In an interview in this morning’s USA Today, U.S. Secretary of Education Margaret Spellings is back to unbridled hyping of the No Child Left Behind Act (NCLB). As has been her custom, her answers are popping with utterly unsubstantiated rhetoric, perhaps the most outrageous of which is her insistence that NCLB has somehow brilliantly illuminated heretofore widespread but invisible failure in public schooling. She says, for instance, that before NCLB the nation took “the ostrich approach” to our schools, but with the law we’re at last “shining a bright spotlight on under-achievement.”


Oh, come on! Americans have known about their awful schools for decades. I mean, did everyone think everything was hunky-dory in Detroit, Newark, Washington, DC, New York, Los Angeles, Oakland, and on and on until, suddenly, NCLB came along and revealed that – gasp! – the schools in those and many other places were actually dangerous, dilapidated dungeons of ignorance? Of course not! And didn’t A Nation At Risk put Americans in a tizzy about their schools back in 1983? Oh, and wasn’t Rudolph Flesch’s Why Johnny Can’t Read a best-seller all the way back in the 1950s?


And what about that NCLB spotlight? At best, it’s a disco ball — it shines light, but light designed to dazzle much more than illuminate and confuse much more than clarify. So, while NCLB requires all states to bring kids to something called “proficiency” – enabling federal politicians to boast about their steely determination to educate all children – it leaves it to the state and local school officials who’s feet are supposedly being held to the fire to define proficiency and write the standards and tests. The result, as a recent study from Spellings’ own department has shown, has been that state officials and federal education fans have been able to point to rising state test scores to “prove” that NCLB is working, but the state test results themselves have essentially been lies, calling scores “proficient” that the feds themselves would call “basic” or “below basic.”

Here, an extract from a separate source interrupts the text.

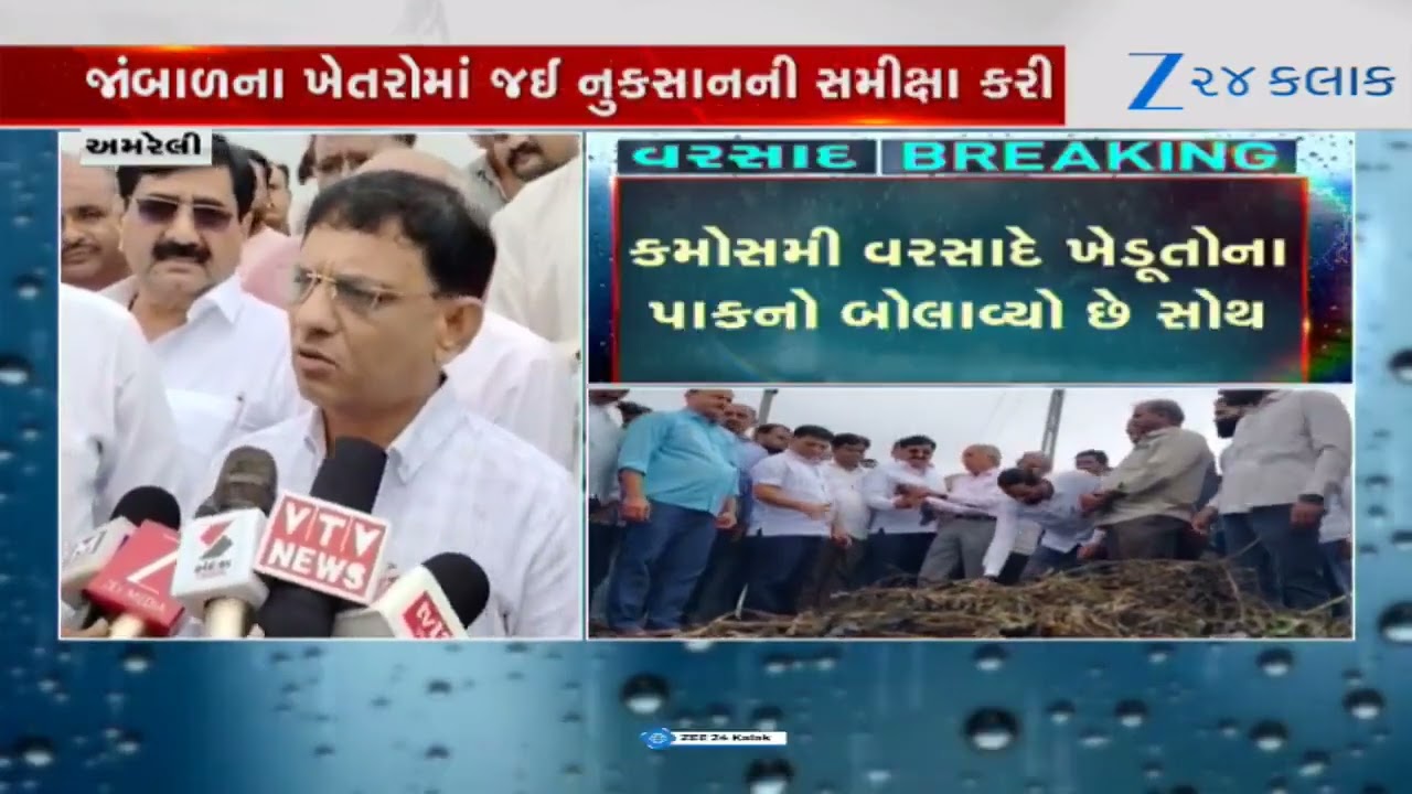 #Zee24Kalak Amreli જિલ્લાની મુલાકાતે મંત્રી Kaushik Vekariya, જાંબાળ ગામના ખેતરોમાં જઈ કરી નુકસાનની સમીક્ષા

That sure is one wacky spotlight! What we need right now, especially with reauthorization of NCLB expected to begin when Congress returns from vacation next week, is not to shine a spotlight on our schools, but on both NCLB and all the damning evidence of Washington’s failures through decades of federal education policy. Then we’ll see that far from offering a solution to our education problems, Washington is a very big part of them. And don’t worry: All those troubles in the schools we’ve seemingly known about forever will almost certainly still be there when we move the spotlight off of Washington, and back onto them.